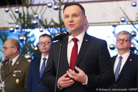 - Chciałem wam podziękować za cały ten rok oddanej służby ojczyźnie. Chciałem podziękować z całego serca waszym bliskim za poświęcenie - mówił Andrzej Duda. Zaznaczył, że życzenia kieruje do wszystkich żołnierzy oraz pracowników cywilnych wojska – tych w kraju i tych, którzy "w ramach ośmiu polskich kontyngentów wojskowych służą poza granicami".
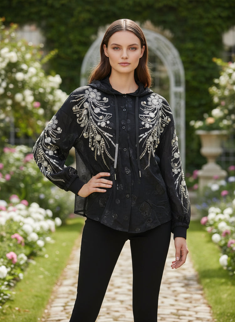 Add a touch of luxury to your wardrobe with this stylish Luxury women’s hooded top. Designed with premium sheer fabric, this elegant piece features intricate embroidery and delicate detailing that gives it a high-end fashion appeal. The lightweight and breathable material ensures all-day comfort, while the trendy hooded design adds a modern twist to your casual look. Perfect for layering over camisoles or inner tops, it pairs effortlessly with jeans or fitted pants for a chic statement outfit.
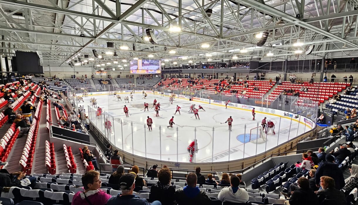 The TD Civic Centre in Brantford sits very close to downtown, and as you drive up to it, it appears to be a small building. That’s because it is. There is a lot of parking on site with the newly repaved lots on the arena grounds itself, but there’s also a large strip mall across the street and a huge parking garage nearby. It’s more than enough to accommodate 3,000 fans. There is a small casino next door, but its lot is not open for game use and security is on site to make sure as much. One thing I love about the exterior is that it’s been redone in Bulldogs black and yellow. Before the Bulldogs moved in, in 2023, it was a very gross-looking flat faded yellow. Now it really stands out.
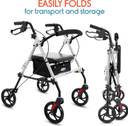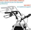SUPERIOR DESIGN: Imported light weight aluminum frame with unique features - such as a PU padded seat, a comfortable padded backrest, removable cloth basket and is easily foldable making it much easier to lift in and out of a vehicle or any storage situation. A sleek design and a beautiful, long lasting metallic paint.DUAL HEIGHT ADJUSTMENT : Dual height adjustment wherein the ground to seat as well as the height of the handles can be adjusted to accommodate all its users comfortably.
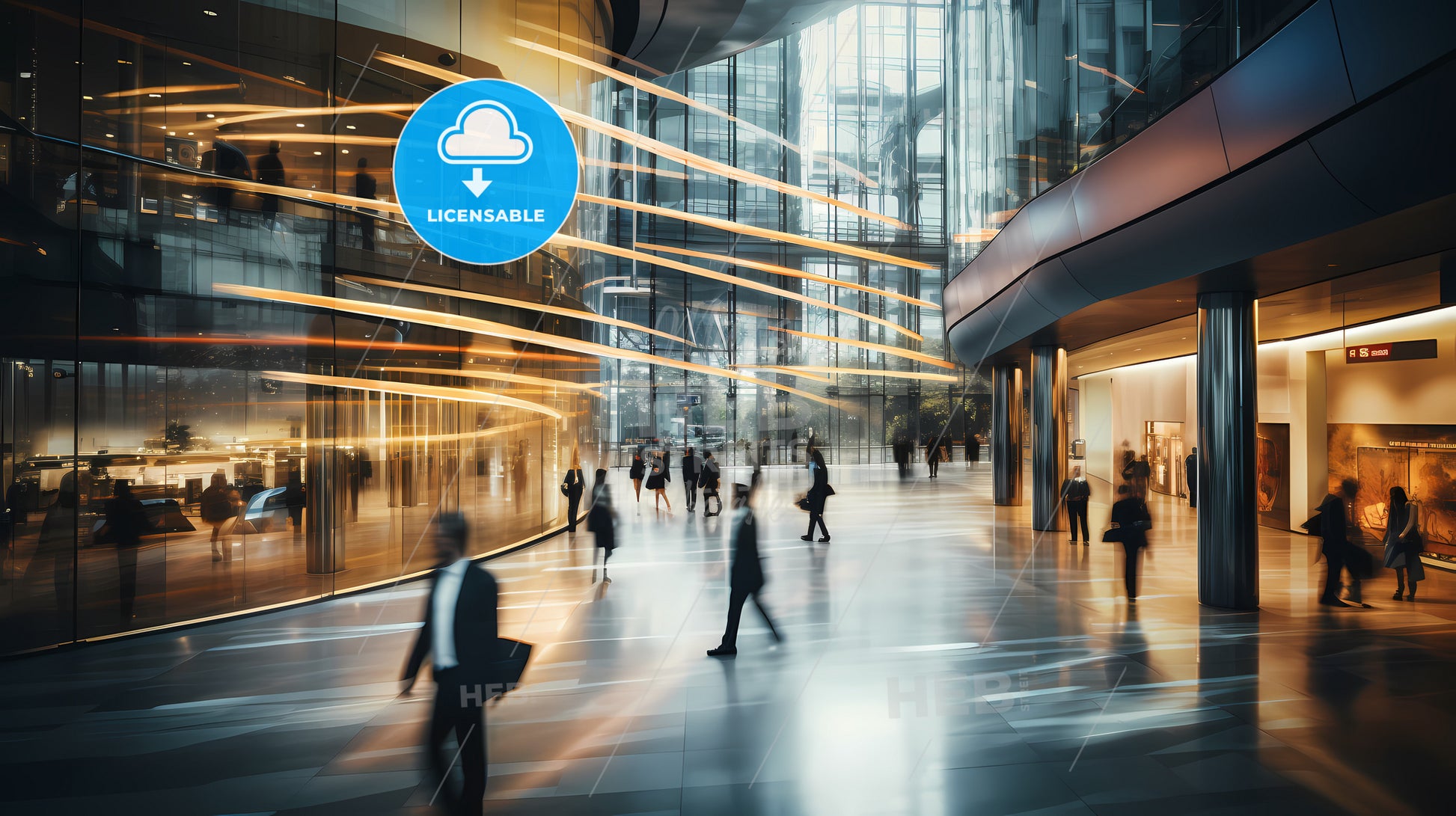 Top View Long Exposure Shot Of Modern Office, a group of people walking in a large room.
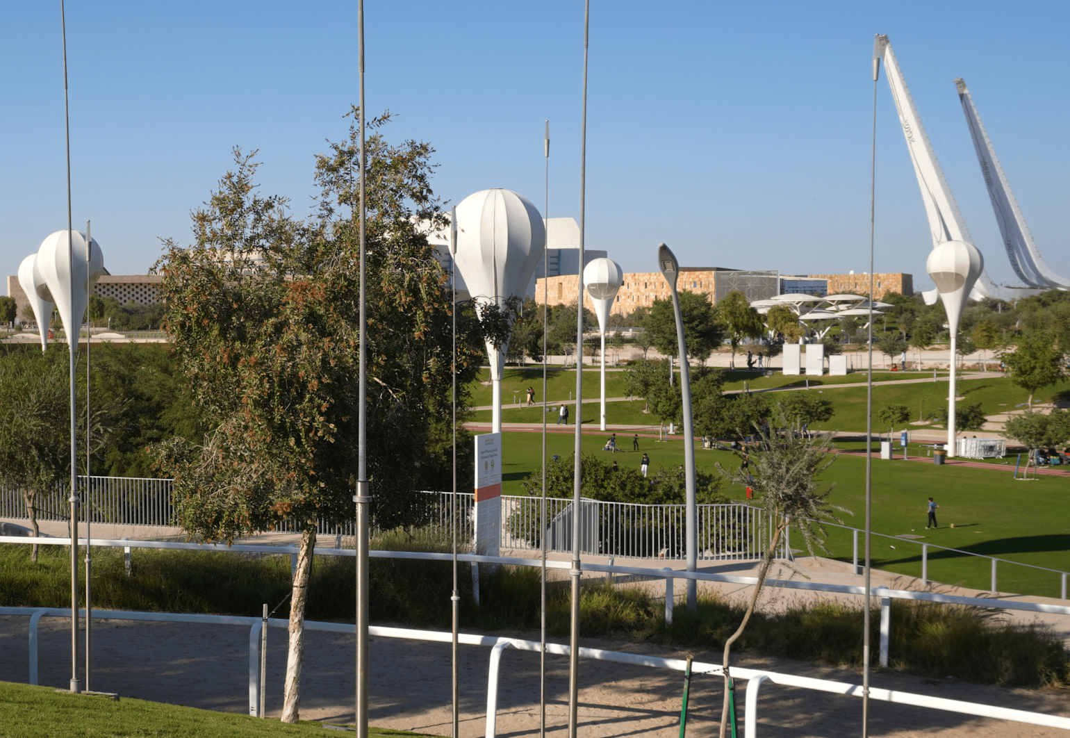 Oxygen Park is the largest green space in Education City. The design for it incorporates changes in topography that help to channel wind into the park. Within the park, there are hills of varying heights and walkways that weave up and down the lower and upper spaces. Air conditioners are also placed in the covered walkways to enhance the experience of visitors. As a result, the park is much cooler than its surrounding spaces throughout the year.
○ ○ ○ ○ ○
**PROBLEM DESCRIPTION**
Starting with the line that holds "Top View Long", repeat exactly every line through the end of the material above, both ends included, without the pictures.

**PROBLEM SOLUTION**
 Top View Long Exposure Shot Of Modern Office, a group of people walking in a large room.
 Oxygen Park is the largest green space in Education City. The design for it incorporates changes in topography that help to channel wind into the park. Within the park, there are hills of varying heights and walkways that weave up and down the lower and upper spaces. Air conditioners are also placed in the covered walkways to enhance the experience of visitors. As a result, the park is much cooler than its surrounding spaces throughout the year.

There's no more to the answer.